Saying the shares cost $1 and the investor is liable for another 50 cents, is really just a convoluted way of saying that the shares cost $1.50. The only difference is that when each share that is purchased for $1.50 it also includes the option to borrow up to 50 cents interest-free from the bank if you like.

I don't see why it would be useful or efficient to bundle an optional interest-free loan with the sale of each share of bank common stock.

Jeremy, Alabama writes:

It would be better to put a portion of distributed profits into escrow for so many years.

But this whole thread is dripping with liberal belief in forcing an outcome, without concern for unanticipated consequences. But the unintended consequences are everything. We are discussing changing liability structures to force 'approved' behavior onto banks. Here are some consequences:

- banks must now buy even greater political protection

- if liability rules are very onerous, ownership will be laundered through offshore corporations, making them ever more unregulatable

These people have billions at stake, and they are smarter than you. When you say you have the power to do something, then you are asserting that the power exists, and you have added that power to the weapons available to the people who already have billions.

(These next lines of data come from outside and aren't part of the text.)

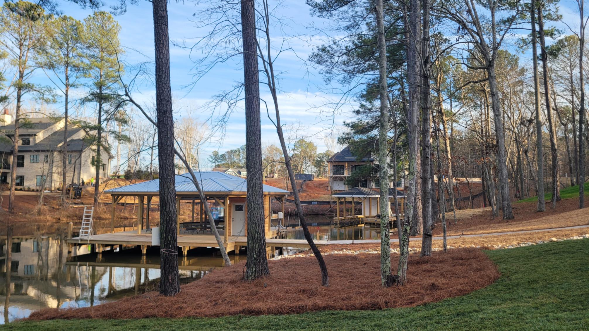 We graded the lakefront areas and put down fescue sod and pine straw mulch. First, a before photo.
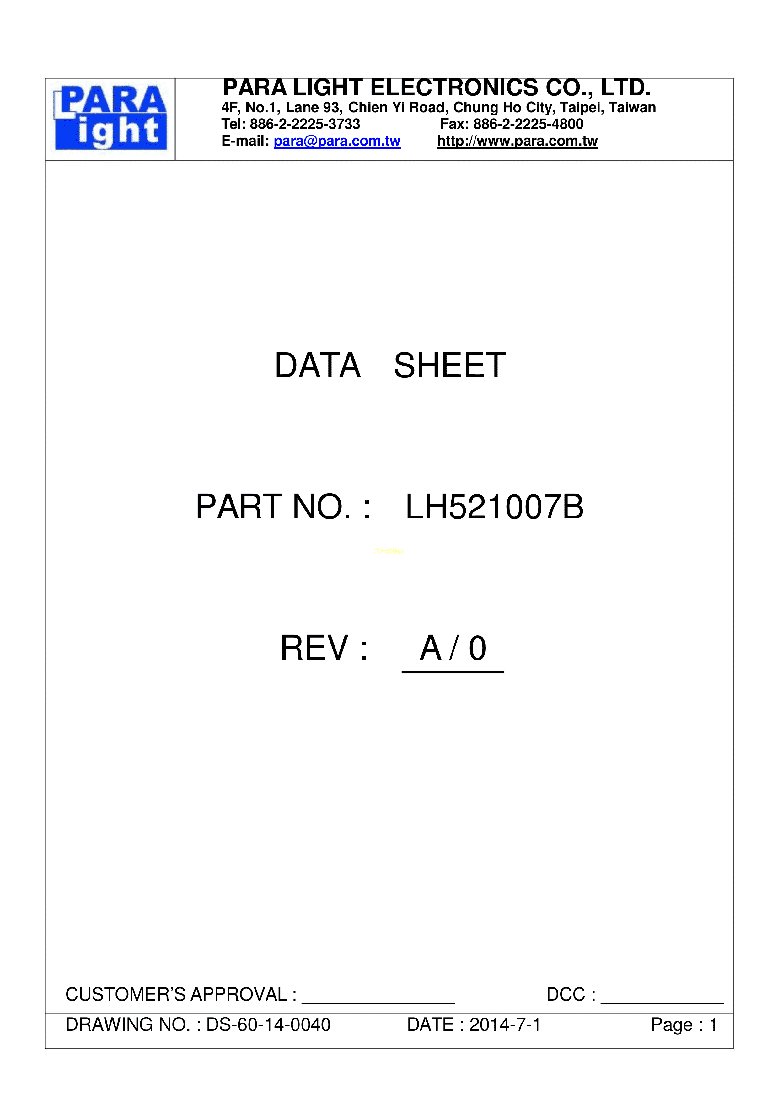LH521007B数据手册-封装PARALIGHT(台湾光鼎)PDF规格书,中英文下载
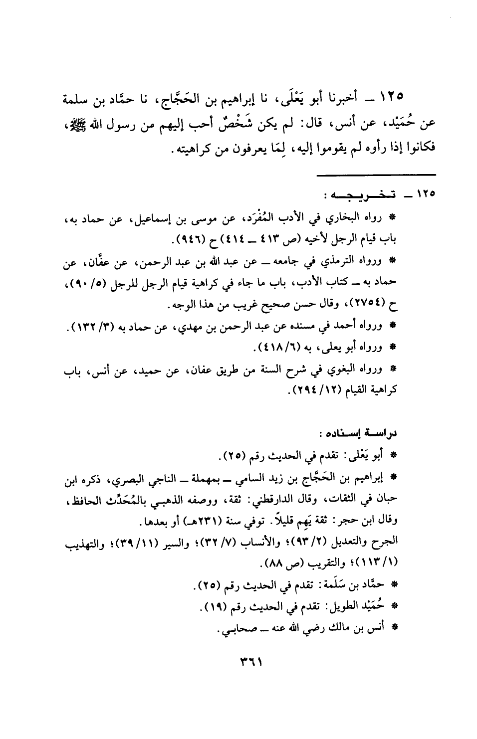 125 - أَخْبَرَنَا أَبُو يَعْلَى، نَا إِبْرَاهِيمُ بْنُ الْحَجَّاجِ، نَا حَمَّادُ بْنُ سَلَمَةَ، عَنْ حُمَيْدٍ، عَنْ أَنَسٍ، قَالَ: §لَمْ يَكُنْ شَخَصٌ أَحَبَّ إِلَيْهِمْ مِنْ رَسُولِ اللَّهِ صَلَّى اللهُ عَلَيْهِ وَسَلَّمَ، فَكَانُوا إِذَا رَأَوْهُ لَمْ يَقُومُوا إِلَيْهِ، لِمَا يَعْرِفُونَ مِنْ كَرَاهِيَتِهِ لَهُ.
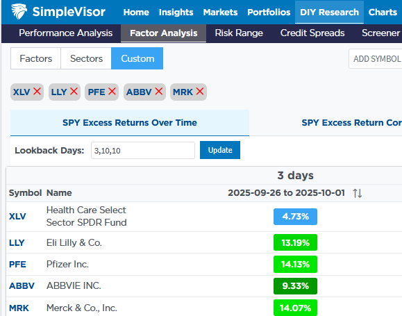 The table below, courtesy of SimpleVisor, shows that over the last three days, Eli Lilly (LLY), Pfizer (PFE), AbbVie (ABBV), and Merck (MRK) have increased by between 9% and 14%. The healthcare sector ETF (XLV) is up less, as it includes companies that do not necessarily benefit from the negotiations between the President and the drugmakers. The anchor holding down these stocks for the last year finally appears to be alleviating.
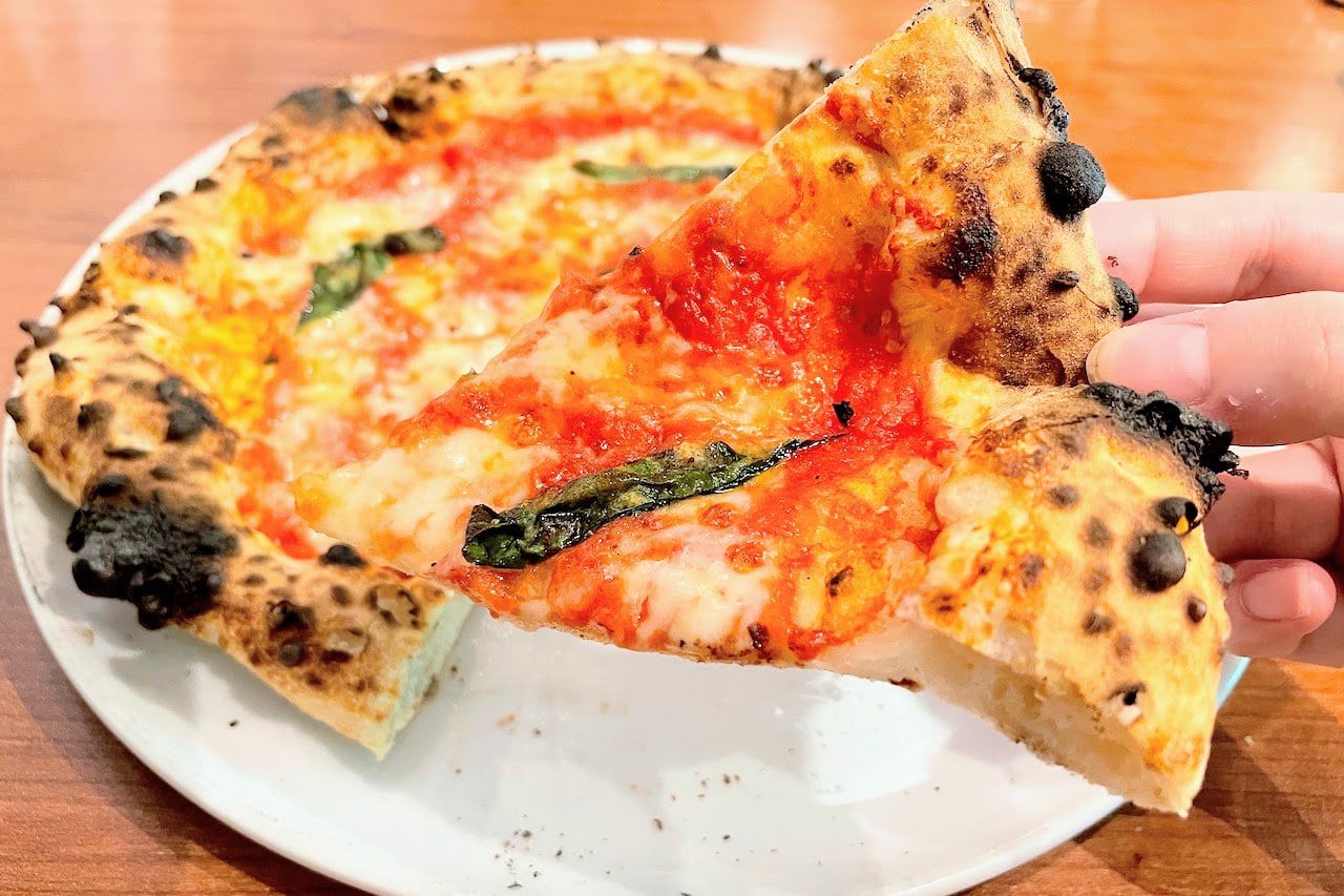 熱々のピッツァの耳をつまむと…触った段階からめっちゃカリッとしてるのがわかります!クリスピー!耳好きとしてはこれは嬉しい〜!そして中はもちもち!

Big money is going to do what it is going to do. The absolute best you can hope for is transparency. Onerous rules ensure that will not happen. Call me old-fashioned, but the only way to enforce proper market discipline onto banks is to let them fail, the bigger the better.

Daniel Artz writes:

Just why are the posters on this topic so intent on finding a way to punish, or create anti-risk incentives for, shareholders? One of the defining characteristics of the corporate form is a division between ownership and control. If risky behavior by banks is the problem, then put the incentives on those with the power to change that behavior; the officers, directors, and managers, not the shareholders. Of course, risky behavior by banks becomes much less of a public problem if we just do away with the entire notion of "too big to fail" in the first place, and either eliminate Federal Deposit Insurance, or at least impose risk-rated premiums for that insurance, so that as a bank becomes more unstable, it's cost of maintaining FDIC insurance increases substantially.

Andrew Wallen writes:

The attached link leads to a paper on the trading of unlimited liability bank shares from the 1820s through 1879 in the UK.

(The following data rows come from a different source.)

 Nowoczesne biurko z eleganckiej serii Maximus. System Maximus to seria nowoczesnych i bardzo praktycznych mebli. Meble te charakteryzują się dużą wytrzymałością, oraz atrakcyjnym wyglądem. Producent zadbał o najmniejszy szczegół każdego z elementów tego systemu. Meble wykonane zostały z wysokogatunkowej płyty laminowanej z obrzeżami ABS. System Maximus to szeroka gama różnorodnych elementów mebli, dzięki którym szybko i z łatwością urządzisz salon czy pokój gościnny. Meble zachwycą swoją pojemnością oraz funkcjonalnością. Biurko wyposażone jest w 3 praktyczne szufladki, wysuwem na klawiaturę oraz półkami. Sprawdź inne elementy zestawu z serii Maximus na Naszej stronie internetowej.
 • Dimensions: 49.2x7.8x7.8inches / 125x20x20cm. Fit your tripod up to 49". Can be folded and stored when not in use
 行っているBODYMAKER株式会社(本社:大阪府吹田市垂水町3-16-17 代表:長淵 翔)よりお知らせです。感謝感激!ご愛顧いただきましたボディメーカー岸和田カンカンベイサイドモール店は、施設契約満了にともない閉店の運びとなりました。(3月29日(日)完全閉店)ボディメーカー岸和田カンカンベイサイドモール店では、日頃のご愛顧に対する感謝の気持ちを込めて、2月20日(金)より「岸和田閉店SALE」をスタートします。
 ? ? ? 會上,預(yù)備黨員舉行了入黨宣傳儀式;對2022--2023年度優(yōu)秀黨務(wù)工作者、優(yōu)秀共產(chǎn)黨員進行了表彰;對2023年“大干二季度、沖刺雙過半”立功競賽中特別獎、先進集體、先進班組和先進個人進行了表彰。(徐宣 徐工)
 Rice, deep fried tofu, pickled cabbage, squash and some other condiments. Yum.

http://www.cbr.cam.ac.uk/pdf/WP241.pdf

This seems like a possible, market based solution. My guess is that people would realize that banking carries a large down-side risk (similar to selling short on a stock). The result could mean banks become smaller and less capitalized when compared with banks today because fewer people are willing to accept the risk.

[comment submitted Feb. 12; restored after accidentally being deleted from our spam folder. We apologize for the inconvenience. -- Econlib Ed.]

Floccina writes:

I think that the current system has feedback problems that make it tough to remain stable but making corporations loose their limit liability status slowly and progressively as leverage goes up might be a plus but it would have to be a complicated to cover all possibilities and avoid periodic running for the exits.

Better IMO to work on the feedback problems so that banks are strengthened by the failure of their competitors (and are encouraged to lend more and spend more). If banks are measured against other banks only the weakest banks could ever fail. With he current system all banks can all fail at once as they can be out competed by Government bills and bonds. I think some free banking schemes would work this way.

diomavro writes:

Although I agree that limited liability doesn't fit banking I don't think that a fixed loss is really a good idea. Just make it unlimited liability, if it was a fixed loss per share, then companies would just buy back their shares to ensure their investors have shares worth more and are liable for less loss.